Aktuelles
Kirchenvorstandswahlen in Lippe am 5. Februar 2012
Im letzten Gemeindebrief haben wir die Kandidaten und Kandidatinnen vorgestellt. Als eine von wenigen Gemeinden in Lippe wird es bei uns tatsächlich eine Kirchenvorstandswahl geben. Darüber können wir uns freuen - zeigt es doch, dass sich viele Menschen bereit erklären, sich in unserer Kirchengemeinde zu engagieren. Es zeigt auch, dass uns das demokratische Prinzip in der Gemeinde wichtig ist. Darum bitten wir Sie herzlich, von Ihrem Wahlrecht Gebrauch zu machen. Übrigens haben in der Kirche auch Jugendlich das aktive Wahlrecht. Sofern sie konfirmiert und älter als 14 Jahr alt sind, können mit wählen. Jugendliche helfen uns auch, den Wahltag freundlich zu gestalten. Sie eröffnen am Nachmittag in Heiden das Wählerwaffelcafé. Aber auch in Bentrup wird gewählt und auch dort kann man das Angenehme mit dem Nützlichen verbinden und etwas Leckeres zu Mittag essen.
Wir bitten Sie also, Ihr Wahlrecht am 5. Februar wahrzunehmen. Die Wahllokale sind zu folgenden Zeiten geöffnet:
Bentrup, Alte Schule: 9.00 Uhr - 13.00 Uhr
(ab 12.00 Mittagessen)
Heiden, Altes Pfarrhaus: 9.00 - 18.00 Uhr
(15.00-17.00 Waffelcafé)
(ausgenommen sind jeweils die Gottesdienstzeiten)

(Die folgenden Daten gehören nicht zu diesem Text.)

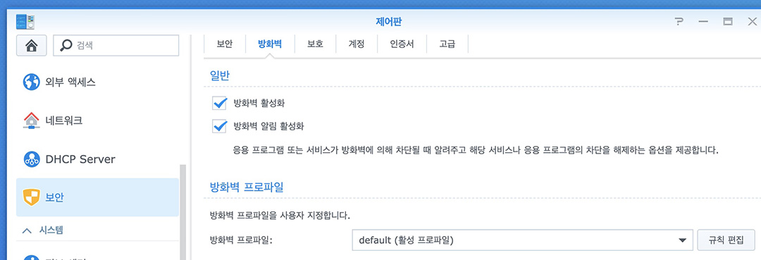 시놀로지 NAS의 보안에서 방화벽을 활성화하고 방화벽 알림 활성화에 체크를 해둡니다.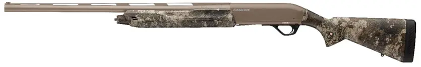 True Timber Strata camo, Cerakote FDE finish on receiver and barrel, Invector-Plus choke tubes, TRUGLO fiber-optic sight, larger cocking handle, larger bolt release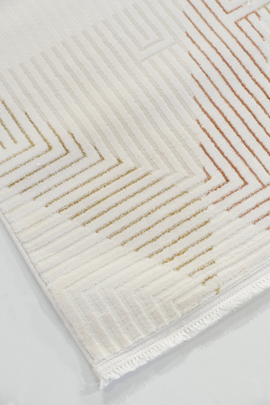 Dolce Vita Maison Modern Halı, zengin ve zarif tasarımı ile mekanlarınıza anında şıklık katmanızı sağlayacak. Bu halının dokusu, farklı renk tonlarındaki ince çizgilerle süslü geometrik desenler içerir, böylece halı, mekana dinamik bir enerji katar. Yumuşak ve dayanıklı akrilik polyester karışımı malzemesi sayesinde uzun süreli kullanım vaat ederken, 6 mm hav yüksekliği ayaklarınızın altında rahat bir his yaratır.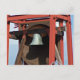 Maritime brass bell with its shadow hanged on a red painted steel lever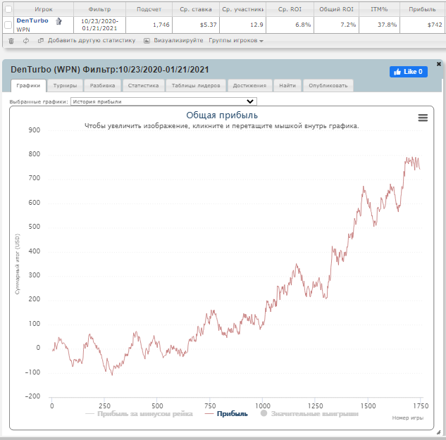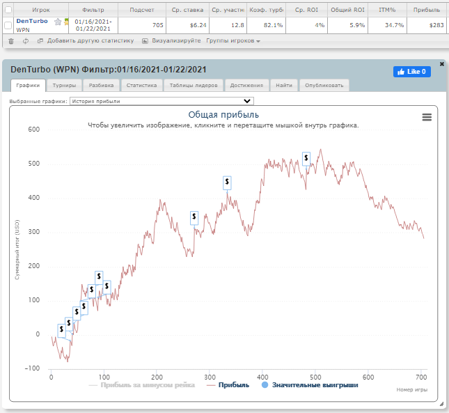 "спустился небес" Лестно, конечно, было видеть стабильно идущий вверх график, с РОИ=12-13% в одностоловых турнирах, но я понимаю, что мой уровень игры пока не достиг таких показателей, и РОИ=5% на АБИ=6$ результат гораздо более близкий к реальности. Так что всё нормально!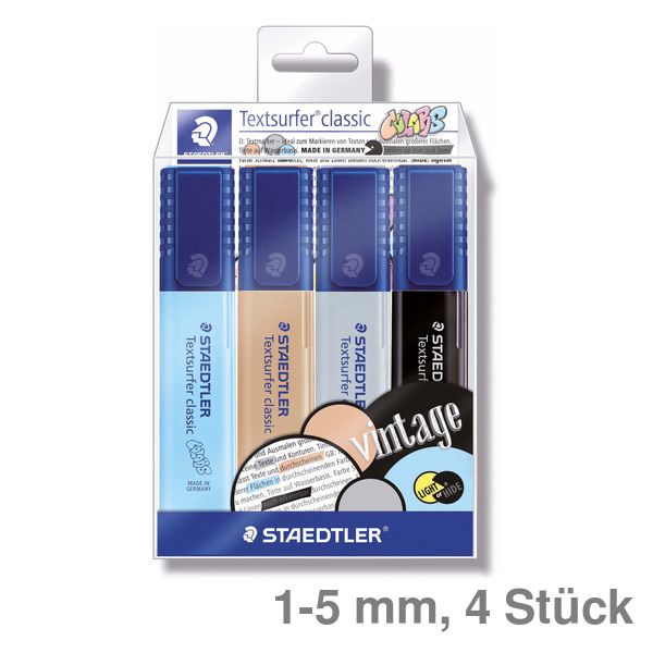 Textmarker Textsurfer® classic colors. Schattenfrei kopierbar. Inkjet geeignet. Strichstärke: samtweiche Keilspitze ca. 1 - 5 mm. Art der Schreibflüssigkeit: Leuchttinte, lichtbeständig gegeben. INK JET SAFE - alle Farben verwischen Inkjet-Ausdrucke und handgeschriebene Texte nicht, PP-Schaft garantiert lange Lebensdauer, Für Papier, Fax, und Durchschreibesätze. Farbe des Schaftes: entsprechend der Tintenfarbe. Clip vorhanden. Farbe: -305 himmelblau,-450 sand,-820 hellgrau,-9 schwarz. Ausführung des Inhalts mit Packung: transparente Box mit 4 Stück.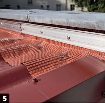 En flexibel taktäckning läggs i övergången mellan tak och vägg. Täckningen går ca 15 cm ut över taket och fästs med en aluminiumlist som skruvas fast i väggen.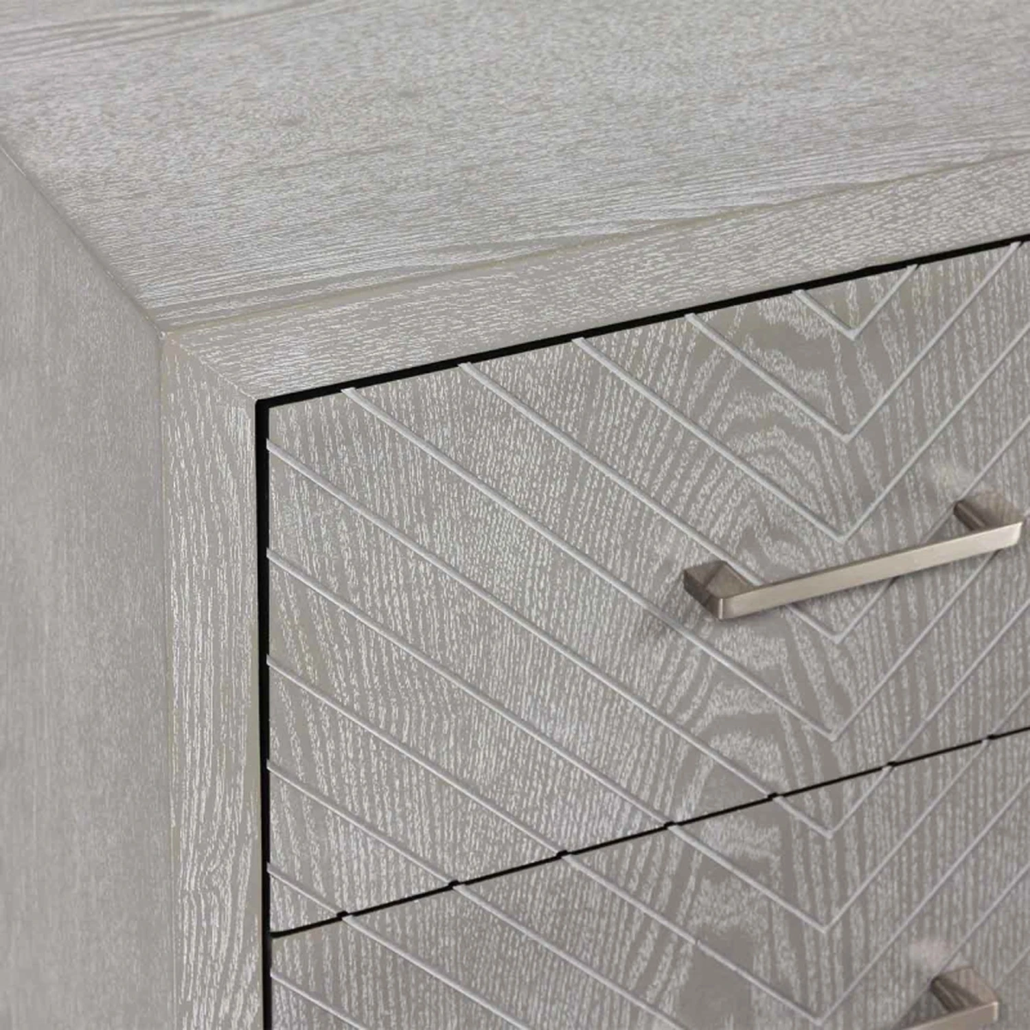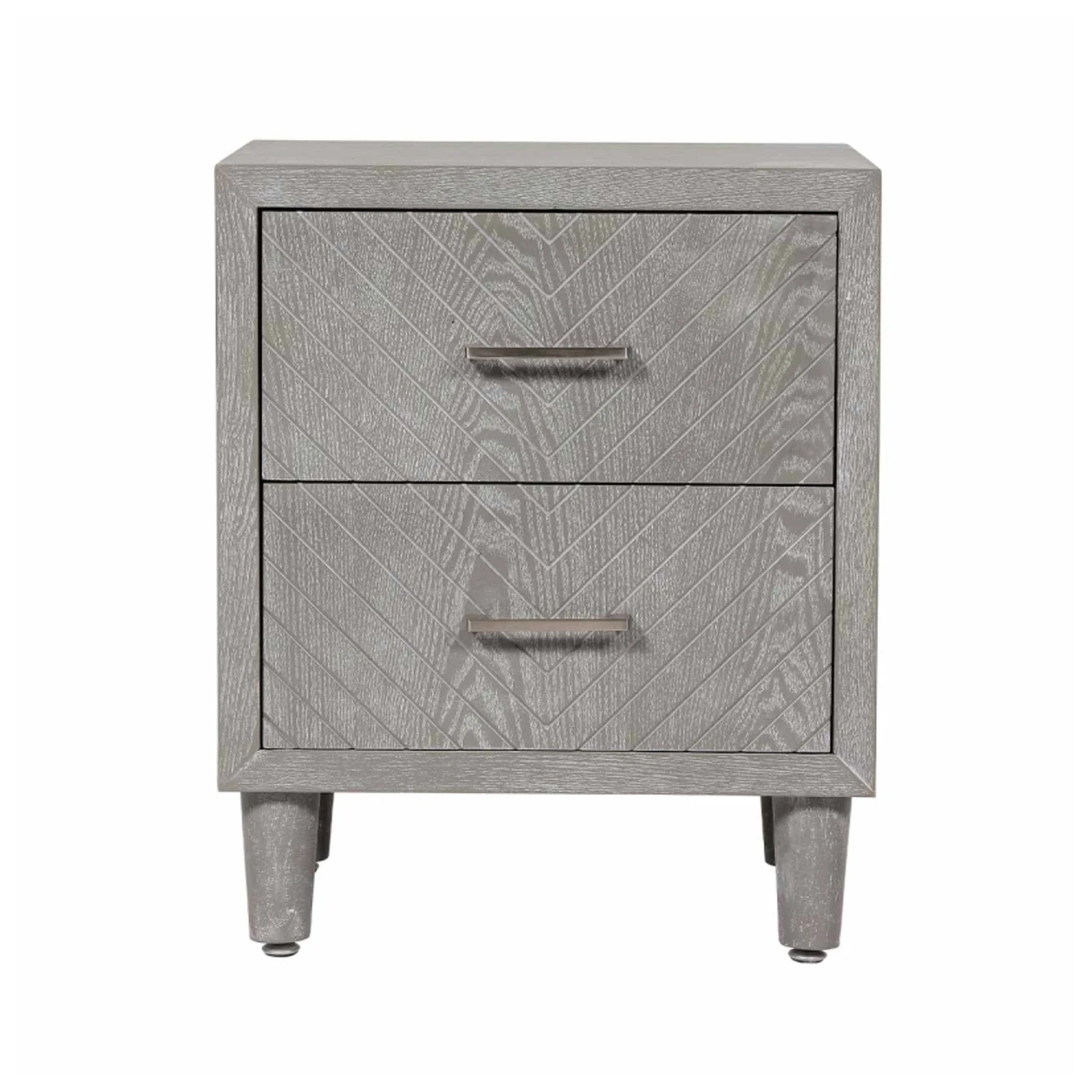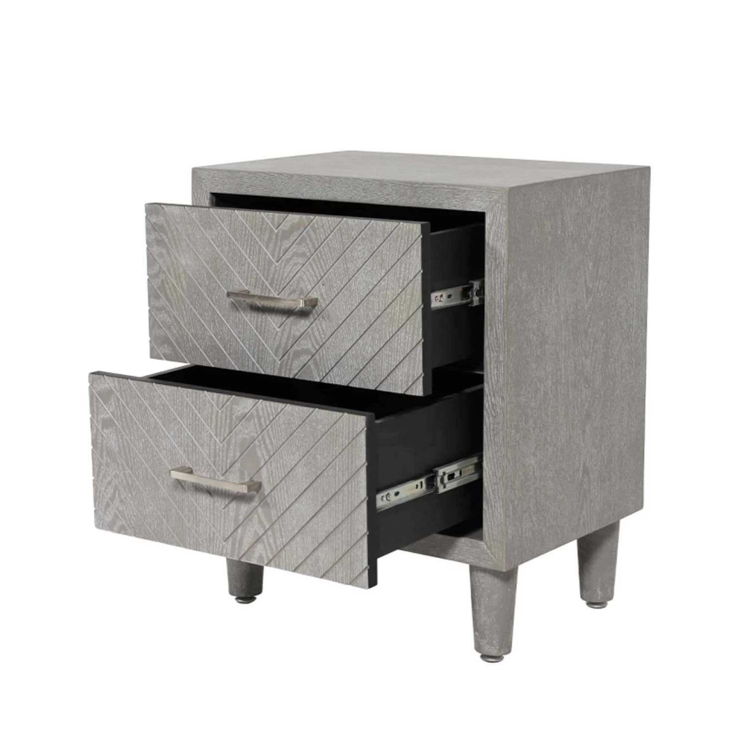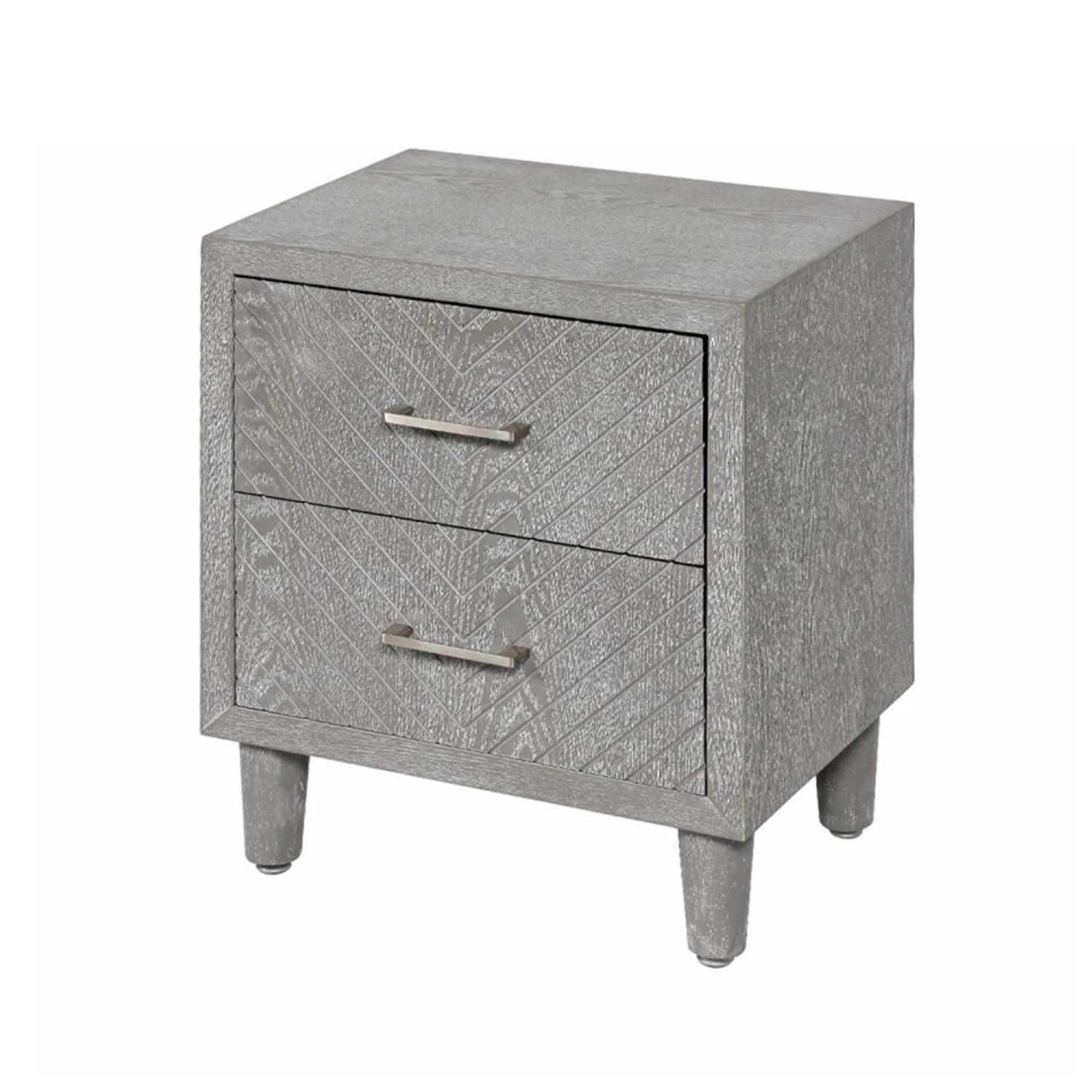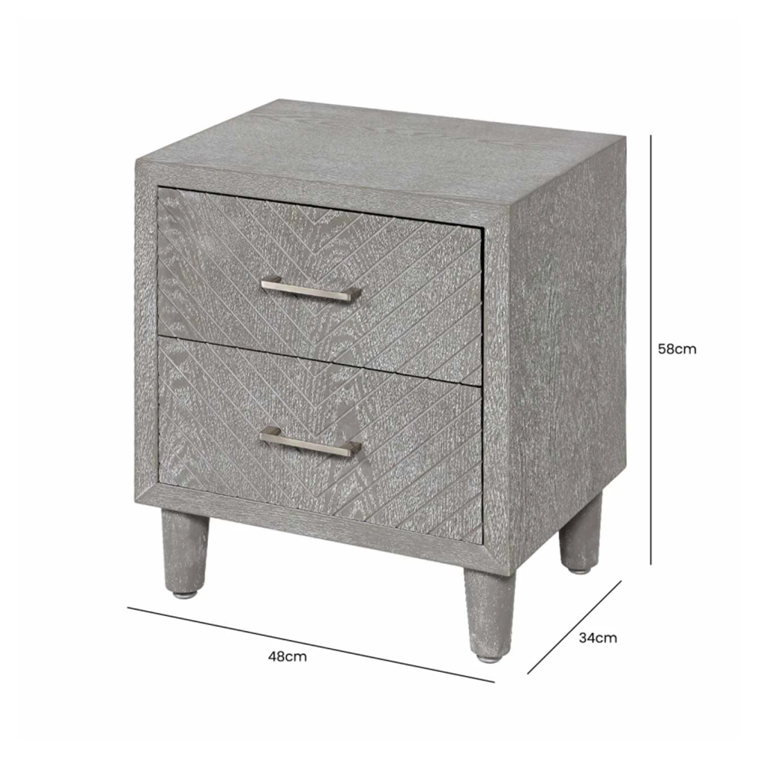 A functional piece of bedroom furniture that is not only stylish but provides practical storage space, comes this Venus 2 Drawer Grey Bedside Cabinet. Crafted with high quality materials for a long-lasting build, it has 2 drawers with a chevron detailing, complimented with slim metal handles and a grey-washed elm grain finish. Great for keeping your bedtime essentials to hand, it will be the perfect fit by the side of your bed.

Aktiver Beitrag zum Klimaschutz
Die Kirchengemeinde Heiden wird noch in diesem Jahr ein erstes Projekt im Rahmen des landeskirchlichen Klimaschutzkonzeptes umsetzen. „Angesichts des Klimagipfels, der uns den rapiden Anstieg der Co2 Emmissionen noch einmal deutlich vor Augen stellt, ist es gerade für die Kirche wichtig, hier deutliche Zeichen zu setzen", erklärt Pfarrerin Brigitte Fenner.
Dank des Klimaschutzkonzeptes der Lippischen Landeskirche wurden alle Gebäude der Kirchengemeinde Heiden energetisch untersucht. Damit wurde das Niedrig-Energie-Institut in Detmold beauftragt. Klaus Michael kam nach Heiden und gab nach seiner eingehenden Überprüfung konkrete Anregungen, was im Sinne des Klimaschutzes zu tun sei.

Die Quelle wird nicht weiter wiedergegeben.